No it doesnt, although many people have different definitions.

A gamer is someone who keeps up to date of upcoming games. Most gamers anticipate many games at the same time. A gamer does not mean someone who plays shooting games all day.


----------



## Prof Gallows (Sep 28, 2012)

>stereotypes.


Why call yourself something that pulls you into a group of qualities?
Really. If you like playing video games and keeping yourself up to date on your hobby, then that's that. There shouldn't be a title for it. Titles are what separates people from each other, and I don't see why anyone would be proud to call themselves anything other than their name.


----------



## Garrett x50 cal (Sep 28, 2012)

Prof Gallows said:


> >stereotypes.
> 
> 
> Why call yourself something that pulls you into a group of qualities?
> Really. If you like playing video games and keeping yourself up to date on your hobby, then that's that. There shouldn't be a title for it. Titles are what separates people from each other, and I don't see why anyone would be proud to call themselves anything other than their name.



So deep.


----------



## DeeMajor (Oct 3, 2012)

My definition is for gamer is gamer has many techniques in their mind and also gamer has many ideas to visit in many ways.

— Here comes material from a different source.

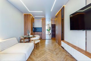 В квартире продуманно все! Дизайнерский ремонт, в котором разумно используется каждый сантиметр квартиры: много мест хранения, много разных сценариев света, вся мебель "в потолок" и встроенная (дизайнерский эксклюзив), использовались самые современные материалы и технологии: встроенный тропический душ и кран, теневой половой и потолочный плинтус, внутрипольные мощные конвекторы ( вместо батарей),теплая стена в ванной ( вместо немодного полотенцесушителя), парящий потолок с подсветкой и световыми линиями и многое другое!

Also she or he should have a clear mind to achieve the game. So gamer means really an achiever.


----------



## BellGreen (Oct 3, 2012)

DeeMajor said:


> My definition is for gamer is gamer has many techniques in their mind and also gamer has many ideas to visit in many ways. Also she or he should have a clear mind to achieve the game. So gamer means really an achiever.



I'm surprised you think that. Gallows said that gamer is stereotypical. I agree. It's just separating one type of person to another. Like apartheid.


----------



## Garrett x50 cal (Oct 3, 2012)

BellBringerGreen said:
			
		

> I'm surprised you think that. Gallows said that gamer is stereotypical. I agree. It's just separating one type of person to another. Like *apartheid.*



What...


----------



## Trakker (Oct 4, 2012)

a person who plays games, especially computer or video games. 

Hey cool it matches the dictionary.com definition exactly! :O


----------



## Prof Gallows (Oct 4, 2012)

BellBringerGreen said:


> I'm surprised you think that. Gallows said that gamer is stereotypical. I agree. It's just separating one type of person to another. Like apartheid.



In some ways yeah, but not really to an extreme like apartheid. You do have those people who call themselves gamers, then having those same people go into fits when someone they deem not a 'gamer' calls themselves one and going as far as banning them from servers, that would be an example of apartheid.. sort of.
Which further goes along with my point. It's a stereotype. Just another reason for people to categorize themselves as a whole instead of being individualistic.


----------



## Sporge27 (Oct 4, 2012)

Really a gamer is someone who likes games and defines themselves as such at this point...

I do like the suit of cards classification system for different types of gamers and different people are normally a bit of each.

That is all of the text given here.